With the conclusion of the 14th Five-Year Plan and the commencement of the 15th, China faces an evolving international market landscape. Key questions include how China can seize the initiative amid major-power competition in 2026, the role of artificial intelligence in global industrial rivalry, and how macroeconomic policies should be calibrated under a moderately accommodative monetary policy. Ahead of the National People's Congress sessions, a former Vice Minister of Finance shared his insights on these issues.

Global competition in artificial intelligence has moved beyond purely technological rivalry. The world is undergoing transformative changes unseen in a century, and China's stable development serves as a cornerstone of global stability. Guided by new development philosophies, China must seize opportunities presented by the fourth industrial revolution. Advancements in AI and energy transition are two critical factors that will enable China to remain in the leading tier and succeed in this competition.
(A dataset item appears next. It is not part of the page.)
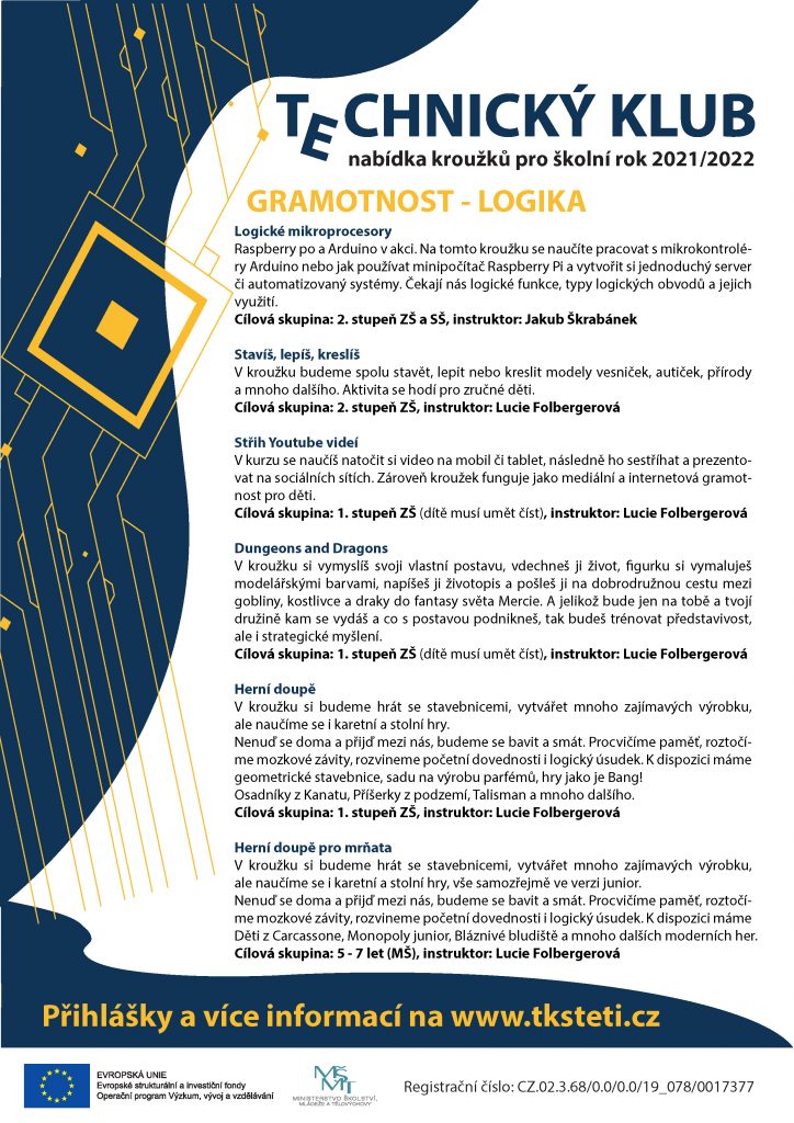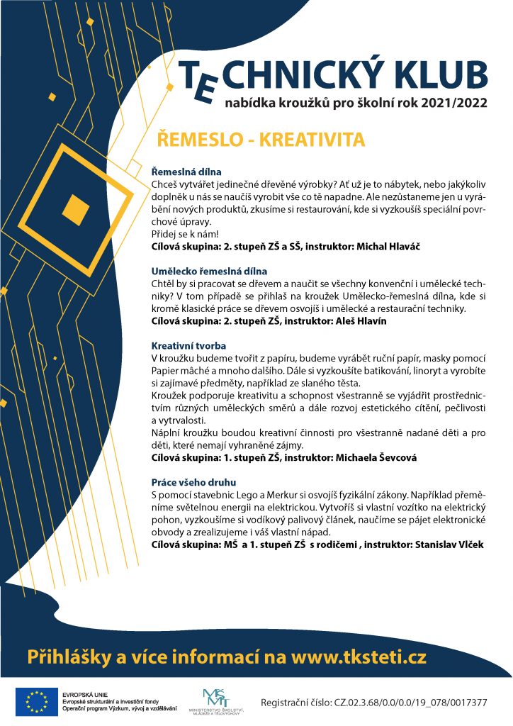 Štětí – Nabídka kroužků Technického klubu Štětí pro školní rok 2021/2022 je k zobrazení na novém webu. Nyní už je zprovozněný web a tam si budou moci zájemci oficiálně podat přihlášku. Všechny kroužky budou i v tomto roce zcela zdarma a otevřou se, pokud se naplní kapacita. Probíhat budou na 3. ZŠ Ostrovní (vstup hlavním vchodem) a na VOŠ obalové techniky a SŠ, Štětí (1. Máje 661). Všechny informace budou na našem webu www.tksteti.cz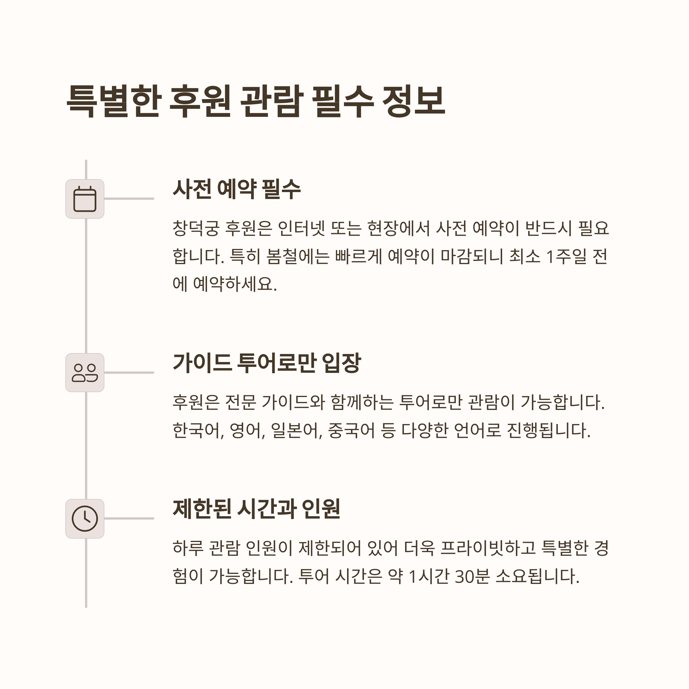 | 창덕궁 낙선재 | 봄꽃 절정 시기 | 후원 관람 팁 |

The competition in AI has entered a new phase, shifting from pure technology contests to comprehensive rivalry involving application scenarios and regulatory frameworks. China and the United States lead the field. While the U.S. retains advantages in computing power, American AI leaders have acknowledged that China is rapidly closing the gap. Meanwhile, China leads in AI application scenarios and energy supply. For the U.S., a major challenge under the new paradigm is the equation of "power as computing power." China's electricity consumption reached 10.4 trillion kilowatt-hours in 2025, accounting for about one-third of the global total—2.3 times that of the U.S. and over 3.5 times that of the EU. This reflects breakthroughs in power supply achieved through energy transition efforts during the 13th and 14th Five-Year Plan periods, including the establishment of a world-leading ultra-high-voltage grid. China's leading position in energy transition provides a solid foundation for AI development and facilitates vast application scenarios.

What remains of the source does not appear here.